Search Techniques: Don't Look For Shotguns in an Envelope
In the phyiscal world, court have long restricted how and where the government can search, giving the police only a portion of what they want to ensure a search doesn't become a "general warrant": boundless and limitless and ultimately unreasonable under the Fourth Amendment. If police ask for a search warrant to search a house for a shotgun used to commit a crime, a court absolutely has the ability to prohibit the officers from searching envelopes on a desk, or any other place or item where the thing they're looking for -- the shotgun -- will certainly not be found.
When it comes to electronic evidence, however, particularity is more difficult. As the Vermont court explained, "in the digital universe, particular information is not accessed through corridors and drawers, but through commands and queries. As a result, in many cases, the only feasible way to specify a particular 'region' of the computer will be by specifying how to search." Restricting the way the government can search a computer is simply the digital analog to its search limitations in the physical world. And it makes sure that every electronic search doesn't turn into a general search just because data is highly mobile.
Copy Some, Delete All
As demonstrated by the government's broad seizure of data in the Megaupload case, prosecutors love seizing a wide ranging amount of electronic data, and then take their sweet time to sort out the relevant from the irrelevant. The rationale, again, is that the relevant evidence they're looking for can be anywhere, and so they need to search everywhere. While courts have authorized these broad seizures at least initially, a number of courts have been increasingly unhappy with the government's delay in sorting this information out and returning (and deleting) what it doesn't need.

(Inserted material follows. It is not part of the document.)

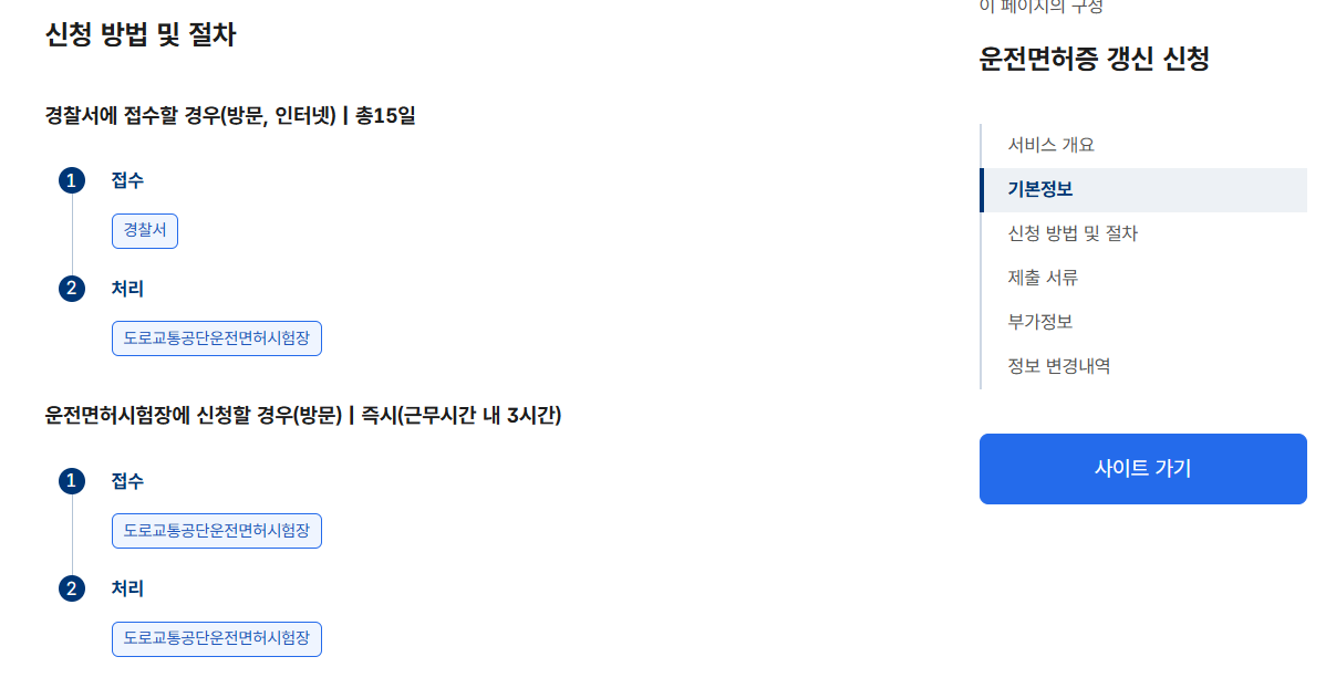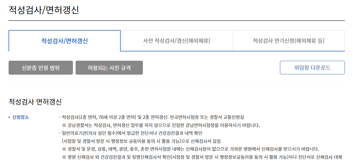 - 로그인 후 '면허증 갱신 신청' 메뉴 선택

The Vermont Supreme Court authorized judges to put safeguards in place before the search, ensuring that seizures aren't so broad, and that delays won't occur in the first place.

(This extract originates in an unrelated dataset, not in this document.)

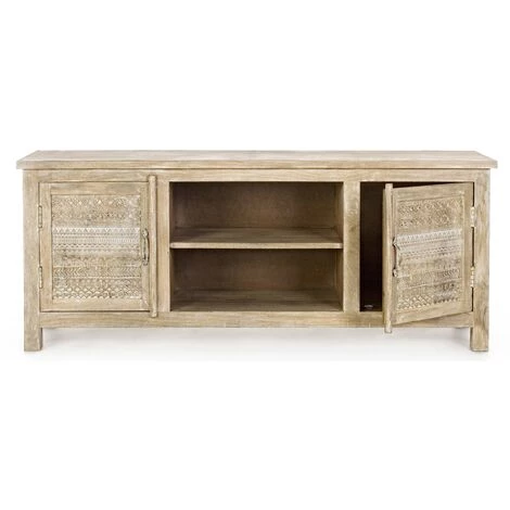 Ce buffet apportera une note boisée très agréable à votre intérieur. Avec 2 portes qui entourent 2 niches superposées, ce meuble vous offrira un espace de rangement agréable. En bois de manguier de couleur clair avec des décorations fait main, il est de toute beauté. Matière : Bois de manguierCouleur : Bois clair Dimensions : L 150 x P 40 x H 60 cmNombre de colis : 1Fabrication : Espagne Garantie : 2 ans Nous ne livrons pas en Corse.

Judges Control Searches, Not the Government
The court noted that warrant applications aren't submitted to judges on a "take it or leave it basis." But oftentimes it seems this is precisely what the government wants: wide ranging authorization into electronic evidence, with minimal oversight and little particularity. And when prosecutors don't get their way, their default is to argue that judges are little more than rubber stamps, permitted to do nothing more than approve or deny a government request. Thankfully the Vermont Supreme Court stood up to the government and told them they couldn't have whatever they wanted. Other courts are starting to be more vocal too about the government's efforts to intrude into the private lives of Americans.
We need more courts to think about the implications of their decisions and craft limits on electronic surveillance so they can fullfill their traditional role as a check against government overreach.